**What to do:** Exactly reproduce the lines from the one holding "高い天井、広々とした開放的な" through the end of the records, including both boundary lines but no pictures.

Collection entries:
☆ ☆ ☆

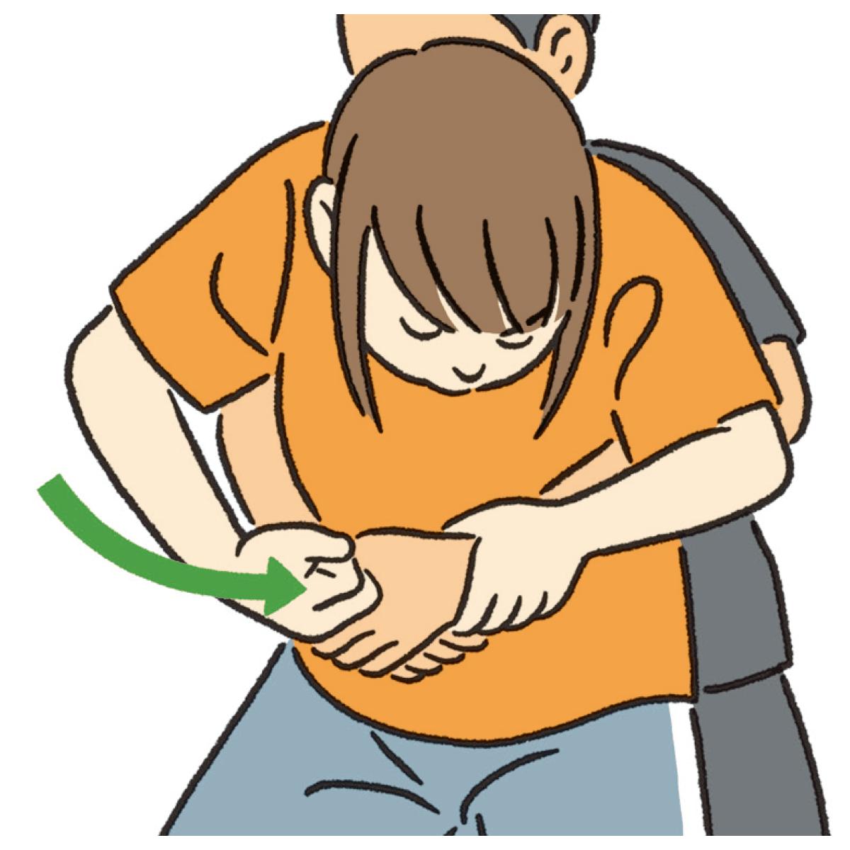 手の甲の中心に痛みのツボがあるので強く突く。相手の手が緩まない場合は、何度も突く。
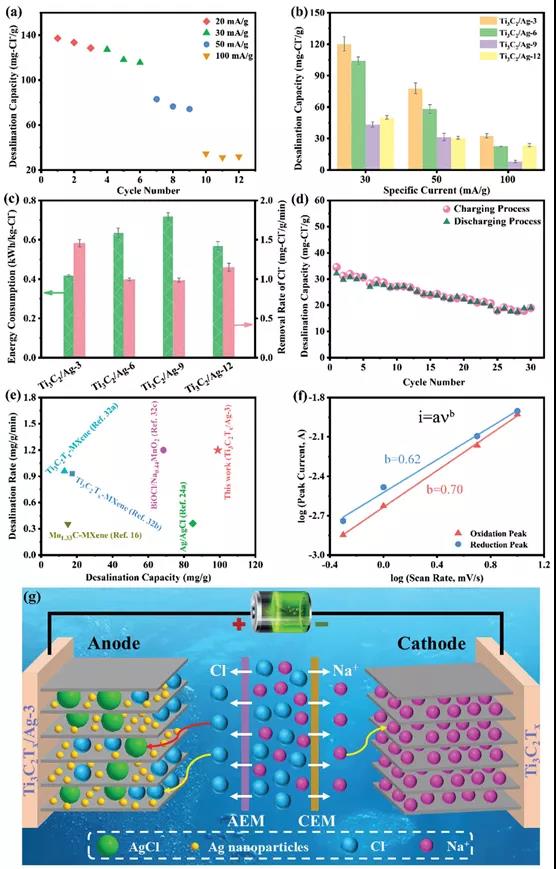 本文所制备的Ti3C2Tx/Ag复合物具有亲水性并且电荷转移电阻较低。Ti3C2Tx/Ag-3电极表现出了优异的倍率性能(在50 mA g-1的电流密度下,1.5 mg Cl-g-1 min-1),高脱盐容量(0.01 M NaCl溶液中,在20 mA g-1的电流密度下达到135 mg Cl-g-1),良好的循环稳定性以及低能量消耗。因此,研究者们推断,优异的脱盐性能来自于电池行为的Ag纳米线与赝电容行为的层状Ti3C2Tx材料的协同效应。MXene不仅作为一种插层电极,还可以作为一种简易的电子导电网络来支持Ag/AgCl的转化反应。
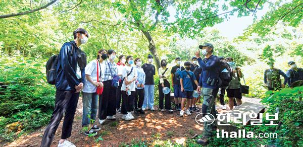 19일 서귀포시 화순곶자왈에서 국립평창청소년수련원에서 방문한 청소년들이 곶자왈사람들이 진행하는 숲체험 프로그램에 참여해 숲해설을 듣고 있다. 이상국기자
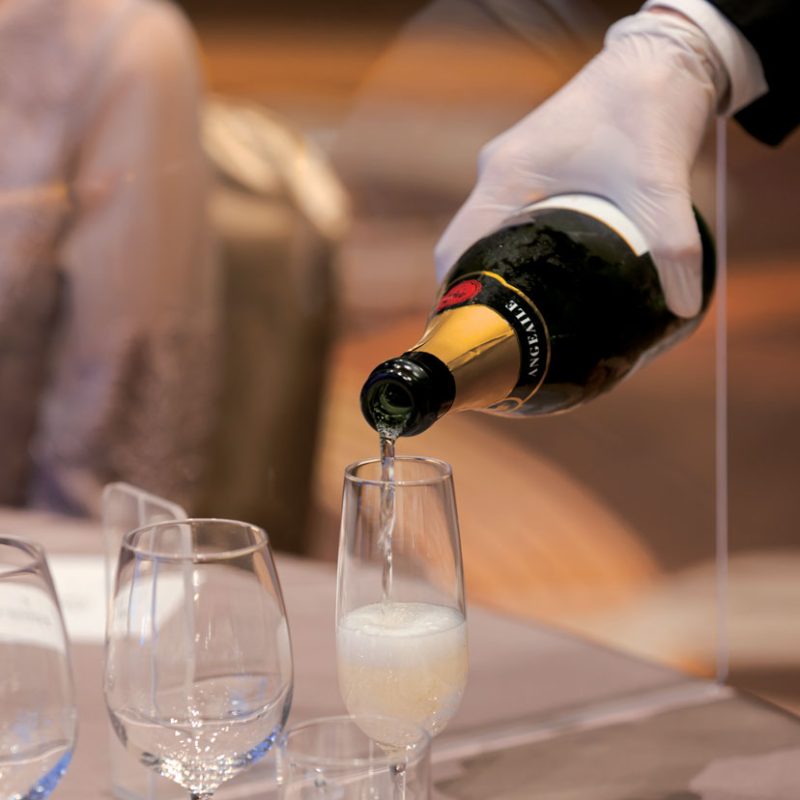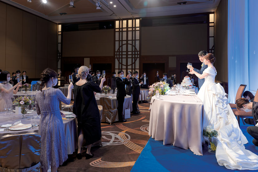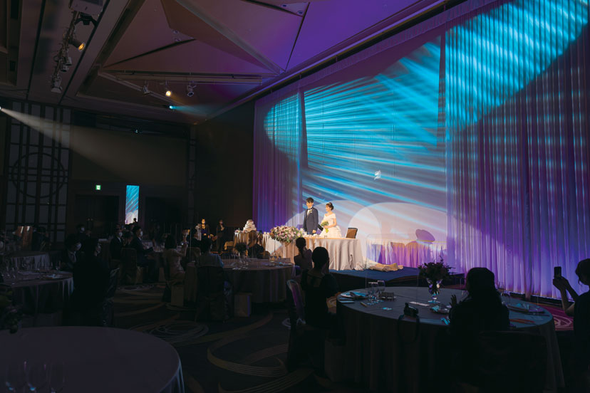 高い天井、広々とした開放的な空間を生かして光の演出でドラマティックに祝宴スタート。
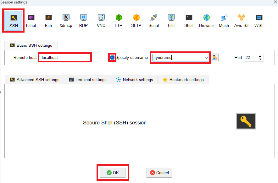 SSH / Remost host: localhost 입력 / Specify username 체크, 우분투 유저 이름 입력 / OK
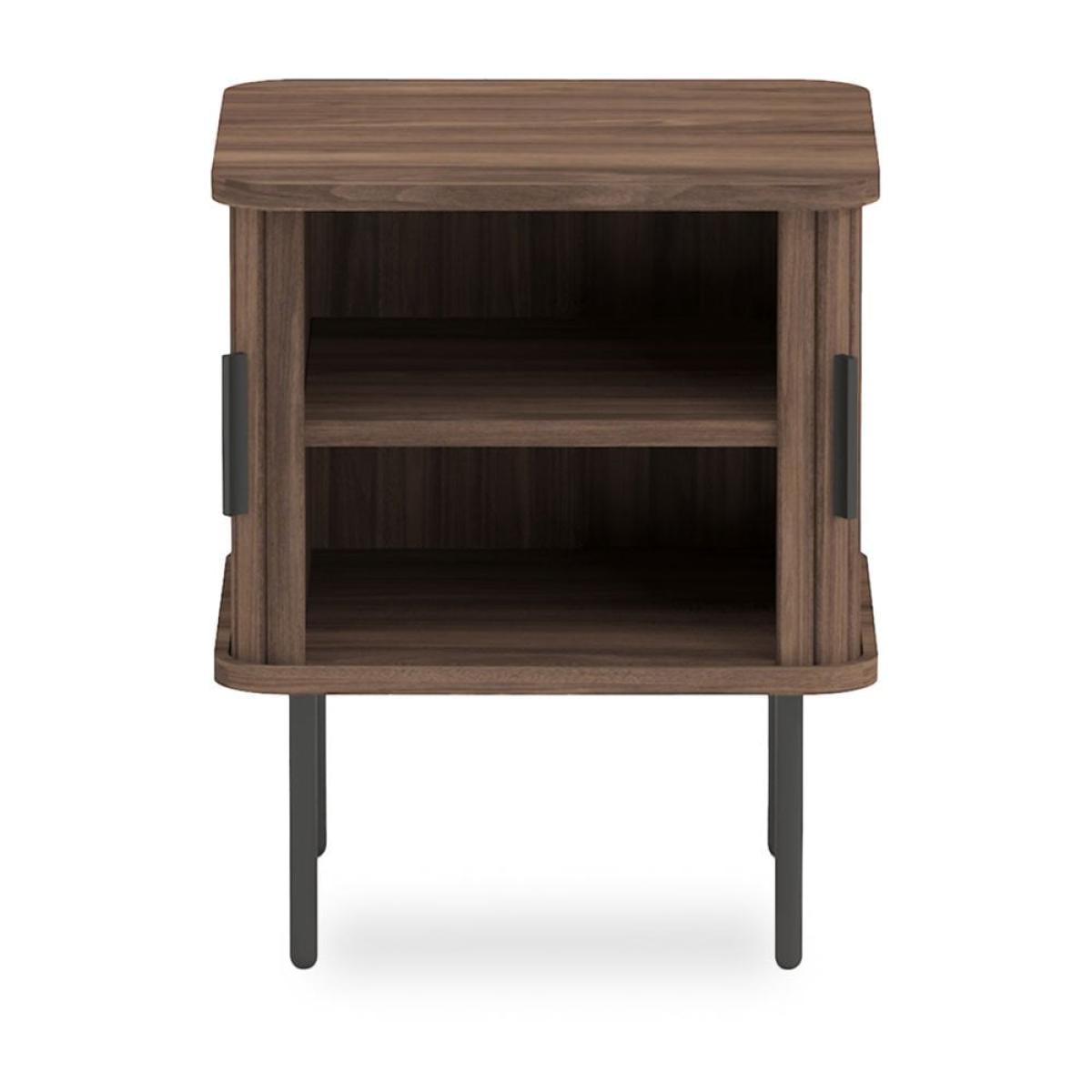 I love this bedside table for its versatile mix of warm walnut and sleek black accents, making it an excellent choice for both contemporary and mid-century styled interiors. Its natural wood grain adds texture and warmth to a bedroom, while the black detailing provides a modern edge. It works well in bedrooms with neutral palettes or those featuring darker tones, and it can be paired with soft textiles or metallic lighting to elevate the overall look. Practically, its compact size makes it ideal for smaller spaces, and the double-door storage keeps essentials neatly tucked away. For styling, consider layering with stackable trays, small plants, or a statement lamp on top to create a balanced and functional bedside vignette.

☆ ☆ ☆

**Exercise answer:**
 高い天井、広々とした開放的な空間を生かして光の演出でドラマティックに祝宴スタート。
 SSH / Remost host: localhost 입력 / Specify username 체크, 우분투 유저 이름 입력 / OK
 I love this bedside table for its versatile mix of warm walnut and sleek black accents, making it an excellent choice for both contemporary and mid-century styled interiors. Its natural wood grain adds texture and warmth to a bedroom, while the black detailing provides a modern edge. It works well in bedrooms with neutral palettes or those featuring darker tones, and it can be paired with soft textiles or metallic lighting to elevate the overall look. Practically, its compact size makes it ideal for smaller spaces, and the double-door storage keeps essentials neatly tucked away. For styling, consider layering with stackable trays, small plants, or a statement lamp on top to create a balanced and functional bedside vignette.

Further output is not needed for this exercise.